Pero mas aún para adquirir la custodia exclusiva, el padre deberá evitar cualquier trato desconsiderado o conflicto con la mujer, ya que toda denuncia que pueda acabar en condena para éste, impedirá la posibilidad de la forma monoparental paterna.

Igualmente será favorable cuando el padre tenga una relación especialmente estrecha con el hijo.

  • Estabilidad del menor: lo que se pretende es procurar que el hijo mantenga la situación que tenía antes del divorcio, de forma que las consecuencias para su vida sean las menores posibles. Por ello, se tendrá en cuenta para entregarle la custodia al padre, cuando su dedicación e implicación anterior en la vida cotidiana del menor hubiera sido muy superior a la de la mujer.

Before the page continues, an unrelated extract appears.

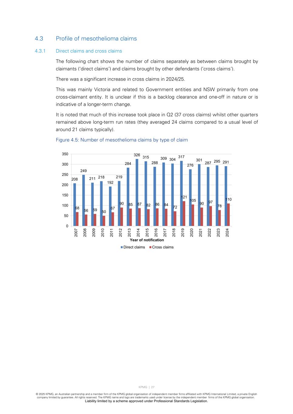 KPMG | 27 © 2025 KPMG, an Australian partnership and a member firm of the KPMG global organisation of independent member firms affiliated with KPMG International Limited, a private English company limited by guarantee. All rights reserved. The KPMG name and logo are trademarks used under license by the independent member firms of the KPMG global organisation. Liability limited by a scheme approved under Professional Standards Legislation. 4.3 Profile of mesothelioma claims 4.3.1 Direct claims and cross claims The following chart shows the number of claims separately as between claims brought by claimants (‘direct claims’) and claims brought by other defendants (‘cross claims’). There was a significant increase in cross claims in 2024/25. This was mainly Victoria and related to Government entities and NSW primarily from one cross-claimant entity. It is unclear if this is a backlog clearance and one-off in nature or is indicative of a longer-term change. It is noted that much of this increase took place in Q2 (37 cross claims) whilst other quarters remained above long-term run rates (they averaged 24 claims compared to a usual level of around 21 claims typically). Figure 4.5: Number of mesothelioma claims by type of claim 208 249 211 218 192 219 284 326 315 288 309 304 317 276 301 287 295 291 68 56 59 50 67 90 85 87 82 86 84 72 121 105 90 97 78 110 0 50 100 150 200 250 300 350 20 07 20 08 20 09 20 10 20 11 20 12 20 13 20 14 20 15 20 16 20 17 20 18 20 19 20 20 20 21 20 22 20 23 20 24 Year of notification Direct claims Cross claims

  • Salud y capacidad económica de progenitores: los casos en los que la mujer padezca de una enfermedad que la inhabilite para ejercer en las mejores condiciones la guarda y custodia del hijo, o cuando se encuentre en una situación económica que la incapacite para cuidar de los hijos, será recomendable atribuirla al hombre que sí esté capacitado para ello.
  • Lugar de residencia de cada progenitor: cuando el padre tenga mayor proximidad a los vínculos sociales del menor (colegio, actividades, familia, amigos…) se tendrá en cuenta para poder atribuirle la custodia.